WHAT THIS TASK INVOLVES:
Leave the pictures out and give every entry again exactly.

DATA LISTING:
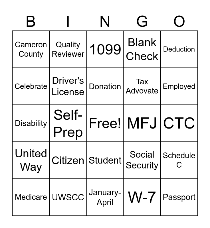 This bingo card has a free space and 80 words: $$$, 1040, 1099, 15-Apr, 1095-A, 1099 Misc, Advanced, Amount Owed, Anually, April, Audit, Basic, Blank Check, Cameron County, Cash Gift, Celebrate, Certification, Citizen, Credit, CTC, Deadline, Deduction, Disability, Donation, Driver's License, Due Diligence, Due Diligent, Earned Income, E-File, EITC, Employed, ITIN, January-April, Life Skill, Medicare, MFJ, Money Order, Offset, Parent, Passport, Paycheck, Payroll, Paystub, Penalties, Penalty, Quality Reviewer, Refund, Retired, Rollover, Schedule A, Schedule C, Self-Prep, Social Security, Spouse, SSA, Dependment, Standard Deduction, State, Status, Student, Tax Advovate, Tax Liability, Tax Preparer, Tax Rate, Tax Return, Tax Year, Taxes, TSC, Unemployed, Unemployment, United Way, UWSCC, VITA, Volunteer, W-2, W-4, W-7, Where’s My Refund, 1040-X and Medicaid.
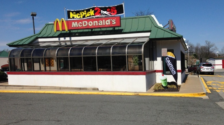 Taco Bell once sported a "Miami Vice"- Esque Memphis design of geometric shapes and neon colors (via Architectural Digest) rather than the ultra-modern interior of muted colors and digital ordering screens. Vox laments the "boring" design of modern-day McDonald's, harking back to the days of bright red and yellow theming and playful McDonaldland-themed interiors. In some cases, some fast-food restaurants still have their "retro" decor, as one user on Reddit found a Burger King that still has an interior right out of the late 1990s. While you could hold a debate on whether this is a case of modernization stripping away the character and charm these places had, the fact is that with time comes changes, and certain trends fade away, leaving only architectural fossils in their place.
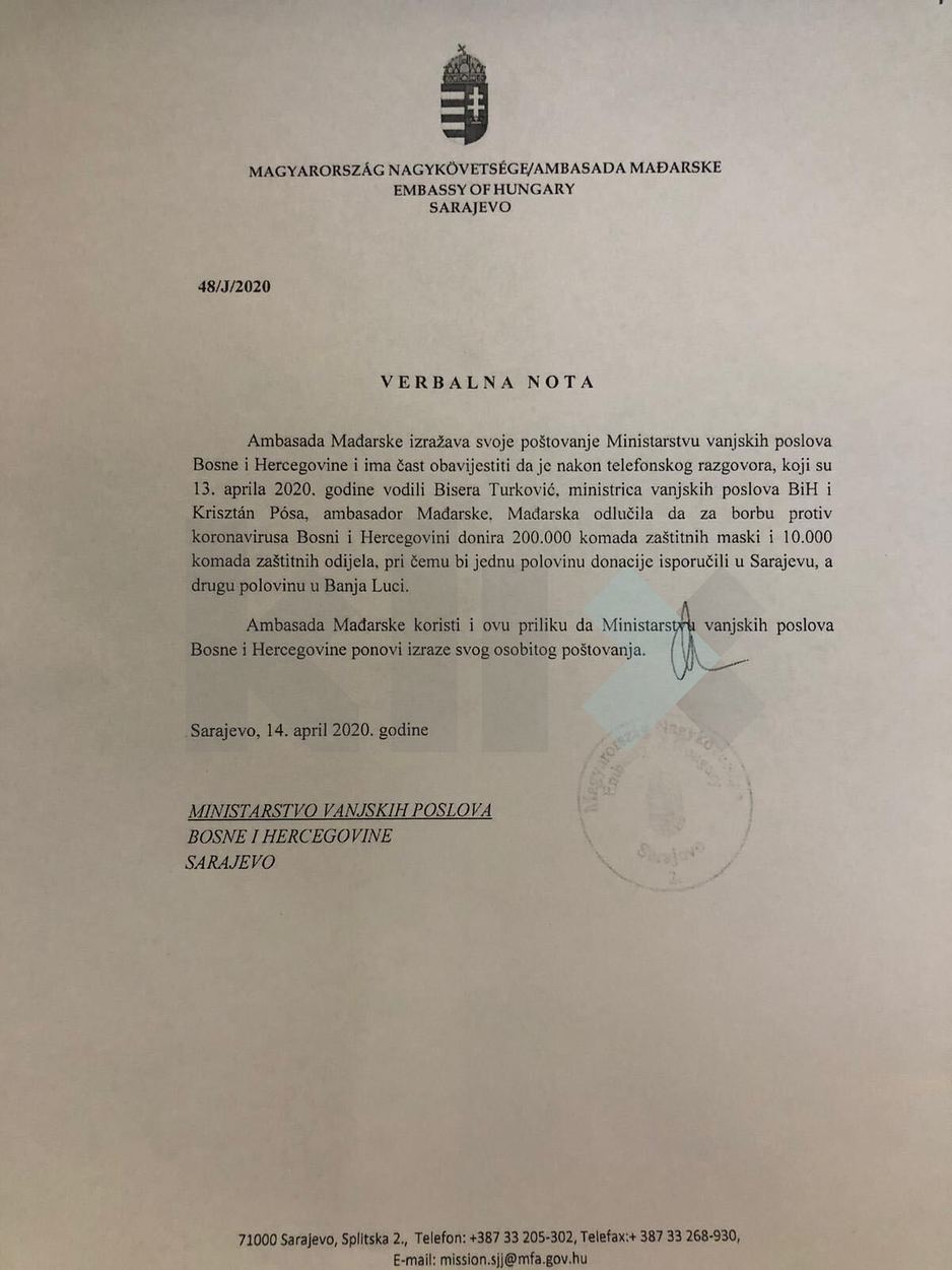 Ambasada Mađarske je u verbalnoj noti upućenoj Ministarstvu vanjskih poslova BiH danas navela da je nakon telefonskog razgovora s ministricom Turković i ambasadorom Mađarske u BiH Krisztiánom Pósom Mađarska odlučila za borbu protiv koronavirusa BiH donirati 200.000 komada zaštitnih maski i 10.000 komada zaštitnih odijela, pri čemu bi jednu polovinu isporučili Sarajevu, a drugu polovinu Banjoj Luci.Član Predsjedništva BiH Milorad Dodik je jučer još zahvalio premijeru Mađarske Viktoru Orbanu i naveo da će se u kontingentu pomoći iz Mađarske naći respiratori, zaštitne rukavice, maske i druga medicinska oprema neophodna za borbu protiv koronavirusa u RS-u.
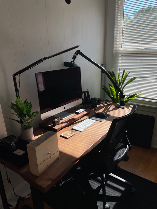 Because Owen works long hours in front of a screen, the science behind biophilic design played a critical role in shaping this piece. We focused on creating something that felt grounded and alive. The form is soft and organic with an all-natural hardwax oil allowing the depth of the grain to breathe. It feels like real wood because it is. Solid, and built to last, designed to support focus, flow, and creative longevity for the most ambitious creators.
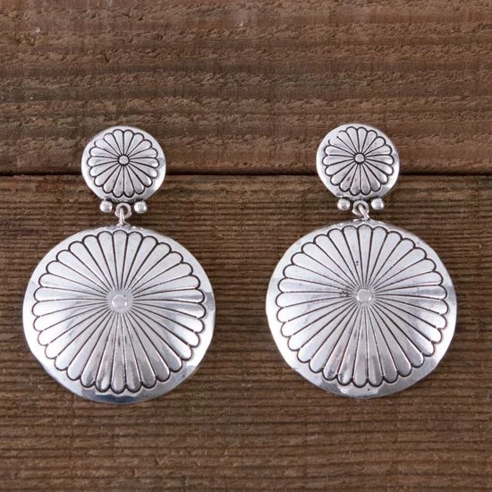 The Silver Round Double Concho Earrings are the perfect way to dress up any outfit.
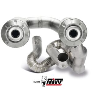 The EVO version, intended for the racing world, is the range of excellence of complete Mivv exhausts, conceived to meet the needs of the teams engaged in the various championships. Developed taking advantage of the experience acquired in the world of racing to the highest levels, like the MotoGP, the Evo version is fully made of grade 1 titanium and the components are all TIG welded.
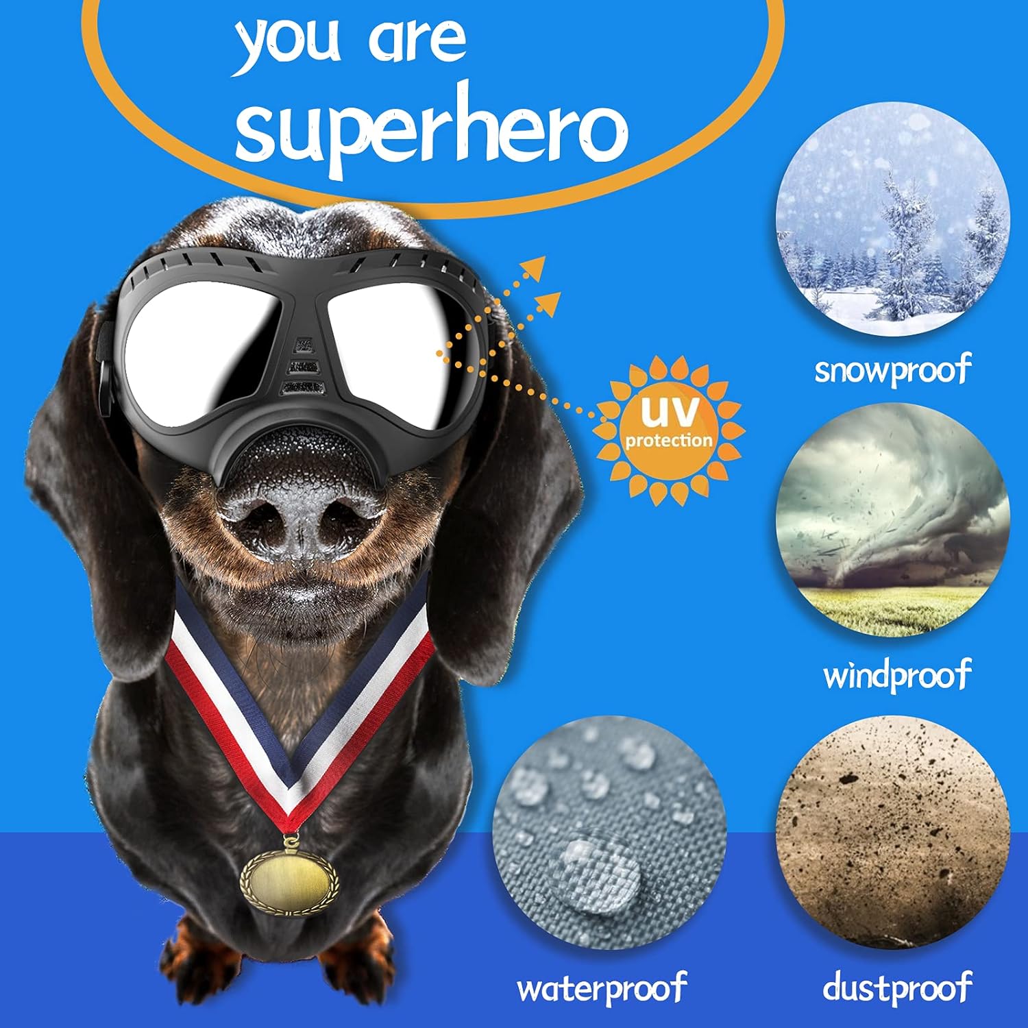 - [ Nice View ]: Wide goggles can stay in the dog's head pretty well, and provide a good view, the soft frame won't hurt the fur on the dog's face and eyes, and more comfortable for your dog to put-on.
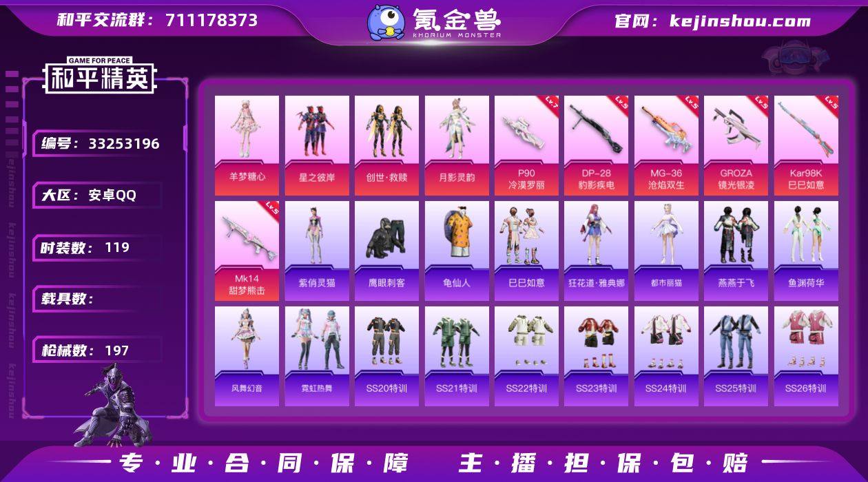 安卓 手Q-4粉装-9特效枪-0载具-5粉色飞行器-54382热力值-8王牌印记-119套装-197枪皮 【热门品类】:套装-龟仙人 【粉色套装】:粉装-星之彼岸,套装-创世·救赎,角色-月影灵韵,角色-羊梦糖心 【粉色枪皮等级】:GROZA-镜光银凌(五级),AKS-74U-森灵之息(五级),P90-冷漠罗丽(七级),Kar98K-巳巳如意(五级),Mk14-甜梦熊击(五级),Mk14-福马献瑞(五级),AA12-G-萌骑幻想(三级),DP-28-豹影疾电(五级),MG-36-沧焰双生(五级) 【粉色枪皮】:GROZA-镜光银凌,AKS-74U-森灵之息,P90-冷漠罗丽,Kar98K-巳巳如意,Mk14-甜梦熊击,Mk14-福马献瑞,AA12-G-萌骑幻想,DP-28-豹影疾电,MG-36-沧焰双生 【粉色飞行器】:炫彩糖果飞行器,祥瑞锦鲤飞行器,繁龙极客飞行器,墨金战记飞行器,极意拳锋飞行器 【粉色降落伞】:星之彼岸降落伞,炫光之旅降落伞,莲影清波降落伞,圣堂之誓降落伞,精灵梦叶罗丽降落伞,月影灵韵降落伞,动力核心降落伞,星穹咏叹调降落伞,异瞳寒姬降落伞,炫彩糖果降落伞 【稀有套装】:套装-龟仙人,套装-巳巳如意,套装-雪国风尚,套装-炫彩糖果,套装-马上有钱,套装-迅捷龙虾,套装-遗迹猎人,角色-狂花道·雅典娜,角色-都市丽猫,套装-燕燕于飞,套装-...
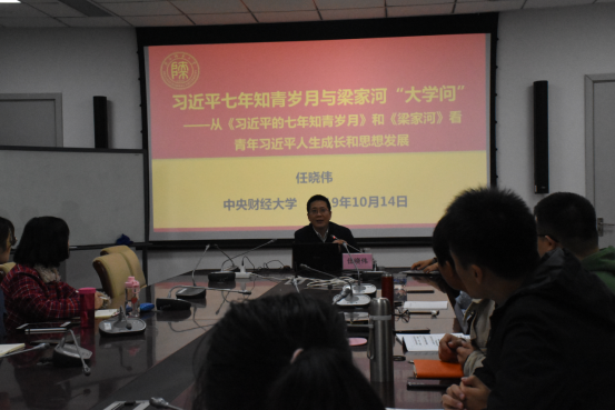 任晓伟教授主要从以下三个方面展开讲解:第一,从梁家河的概况、知青、习仲勋的经历、文革中的高考制度几个方面来介绍青年习近平知青岁月的历史背景。第二,从苦、学、做、情四个方面介绍了青年习近平知青生活的历史特点。第三,介绍了“大学问”的内涵与习近平新时代中国特色社会主义思想的关系。任晓伟教授指出梁家河“大学问”不是专门性的技术或具体知识意义的学问,而是特指世界观方法论意义上的知识。梁家河“大学问”核心是实践的观念、要义是群众的观念、精髓是党的观念。习近平心中的梁家河是中国千千万万的村庄,亿万百姓的小康梦想。最后,任晓伟教授借用《知青岁月》中的一段作为结语:“我们这个国家,正是因为有一批近平这样的人——未必都是领导干部,可能是工人、农民教师、医生,无论是不平凡的人,还是平凡的人,他们都有一个共同点,就是热爱这个国家愿意穷尽毕生为他奋斗。所以中国才会像今天这样,有这么快的发展和这么大的进步, 而且有这么美好的未来。”
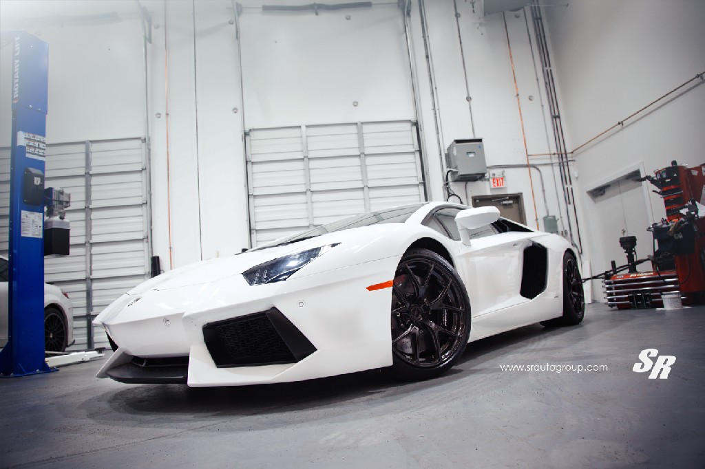 Courtesy of SR Auto, Lamborghini Aventador gets some new set of rims from PUR Wheels. In car tuning, PUR Wheels are the equivalent of Jimmy Choo shoes in fashion; high-end shoes for a high-end car. They are 4OUR Monoblock models in size 19×9.5 front and 20×13 rear, finished in diamond black. White car, black wheels, classic combination.

SOLUTION FOR THIS EXERCISE:
 This bingo card has a free space and 80 words: $$$, 1040, 1099, 15-Apr, 1095-A, 1099 Misc, Advanced, Amount Owed, Anually, April, Audit, Basic, Blank Check, Cameron County, Cash Gift, Celebrate, Certification, Citizen, Credit, CTC, Deadline, Deduction, Disability, Donation, Driver's License, Due Diligence, Due Diligent, Earned Income, E-File, EITC, Employed, ITIN, January-April, Life Skill, Medicare, MFJ, Money Order, Offset, Parent, Passport, Paycheck, Payroll, Paystub, Penalties, Penalty, Quality Reviewer, Refund, Retired, Rollover, Schedule A, Schedule C, Self-Prep, Social Security, Spouse, SSA, Dependment, Standard Deduction, State, Status, Student, Tax Advovate, Tax Liability, Tax Preparer, Tax Rate, Tax Return, Tax Year, Taxes, TSC, Unemployed, Unemployment, United Way, UWSCC, VITA, Volunteer, W-2, W-4, W-7, Where’s My Refund, 1040-X and Medicaid.
 Taco Bell once sported a "Miami Vice"- Esque Memphis design of geometric shapes and neon colors (via Architectural Digest) rather than the ultra-modern interior of muted colors and digital ordering screens. Vox laments the "boring" design of modern-day McDonald's, harking back to the days of bright red and yellow theming and playful McDonaldland-themed interiors. In some cases, some fast-food restaurants still have their "retro" decor, as one user on Reddit found a Burger King that still has an interior right out of the late 1990s. While you could hold a debate on whether this is a case of modernization stripping away the character and charm these places had, the fact is that with time comes changes, and certain trends fade away, leaving only architectural fossils in their place.
 Ambasada Mađarske je u verbalnoj noti upućenoj Ministarstvu vanjskih poslova BiH danas navela da je nakon telefonskog razgovora s ministricom Turković i ambasadorom Mađarske u BiH Krisztiánom Pósom Mađarska odlučila za borbu protiv koronavirusa BiH donirati 200.000 komada zaštitnih maski i 10.000 komada zaštitnih odijela, pri čemu bi jednu polovinu isporučili Sarajevu, a drugu polovinu Banjoj Luci.Član Predsjedništva BiH Milorad Dodik je jučer još zahvalio premijeru Mađarske Viktoru Orbanu i naveo da će se u kontingentu pomoći iz Mađarske naći respiratori, zaštitne rukavice, maske i druga medicinska oprema neophodna za borbu protiv koronavirusa u RS-u.
 Because Owen works long hours in front of a screen, the science behind biophilic design played a critical role in shaping this piece. We focused on creating something that felt grounded and alive. The form is soft and organic with an all-natural hardwax oil allowing the depth of the grain to breathe. It feels like real wood because it is. Solid, and built to last, designed to support focus, flow, and creative longevity for the most ambitious creators.
 The Silver Round Double Concho Earrings are the perfect way to dress up any outfit.
 The EVO version, intended for the racing world, is the range of excellence of complete Mivv exhausts, conceived to meet the needs of the teams engaged in the various championships. Developed taking advantage of the experience acquired in the world of racing to the highest levels, like the MotoGP, the Evo version is fully made of grade 1 titanium and the components are all TIG welded.
 - [ Nice View ]: Wide goggles can stay in the dog's head pretty well, and provide a good view, the soft frame won't hurt the fur on the dog's face and eyes, and more comfortable for your dog to put-on.
 安卓 手Q-4粉装-9特效枪-0载具-5粉色飞行器-54382热力值-8王牌印记-119套装-197枪皮 【热门品类】:套装-龟仙人 【粉色套装】:粉装-星之彼岸,套装-创世·救赎,角色-月影灵韵,角色-羊梦糖心 【粉色枪皮等级】:GROZA-镜光银凌(五级),AKS-74U-森灵之息(五级),P90-冷漠罗丽(七级),Kar98K-巳巳如意(五级),Mk14-甜梦熊击(五级),Mk14-福马献瑞(五级),AA12-G-萌骑幻想(三级),DP-28-豹影疾电(五级),MG-36-沧焰双生(五级) 【粉色枪皮】:GROZA-镜光银凌,AKS-74U-森灵之息,P90-冷漠罗丽,Kar98K-巳巳如意,Mk14-甜梦熊击,Mk14-福马献瑞,AA12-G-萌骑幻想,DP-28-豹影疾电,MG-36-沧焰双生 【粉色飞行器】:炫彩糖果飞行器,祥瑞锦鲤飞行器,繁龙极客飞行器,墨金战记飞行器,极意拳锋飞行器 【粉色降落伞】:星之彼岸降落伞,炫光之旅降落伞,莲影清波降落伞,圣堂之誓降落伞,精灵梦叶罗丽降落伞,月影灵韵降落伞,动力核心降落伞,星穹咏叹调降落伞,异瞳寒姬降落伞,炫彩糖果降落伞 【稀有套装】:套装-龟仙人,套装-巳巳如意,套装-雪国风尚,套装-炫彩糖果,套装-马上有钱,套装-迅捷龙虾,套装-遗迹猎人,角色-狂花道·雅典娜,角色-都市丽猫,套装-燕燕于飞,套装-...
 任晓伟教授主要从以下三个方面展开讲解:第一,从梁家河的概况、知青、习仲勋的经历、文革中的高考制度几个方面来介绍青年习近平知青岁月的历史背景。第二,从苦、学、做、情四个方面介绍了青年习近平知青生活的历史特点。第三,介绍了“大学问”的内涵与习近平新时代中国特色社会主义思想的关系。任晓伟教授指出梁家河“大学问”不是专门性的技术或具体知识意义的学问,而是特指世界观方法论意义上的知识。梁家河“大学问”核心是实践的观念、要义是群众的观念、精髓是党的观念。习近平心中的梁家河是中国千千万万的村庄,亿万百姓的小康梦想。最后,任晓伟教授借用《知青岁月》中的一段作为结语:“我们这个国家,正是因为有一批近平这样的人——未必都是领导干部,可能是工人、农民教师、医生,无论是不平凡的人,还是平凡的人,他们都有一个共同点,就是热爱这个国家愿意穷尽毕生为他奋斗。所以中国才会像今天这样,有这么快的发展和这么大的进步, 而且有这么美好的未来。”
 Courtesy of SR Auto, Lamborghini Aventador gets some new set of rims from PUR Wheels. In car tuning, PUR Wheels are the equivalent of Jimmy Choo shoes in fashion; high-end shoes for a high-end car. They are 4OUR Monoblock models in size 19×9.5 front and 20×13 rear, finished in diamond black. White car, black wheels, classic combination.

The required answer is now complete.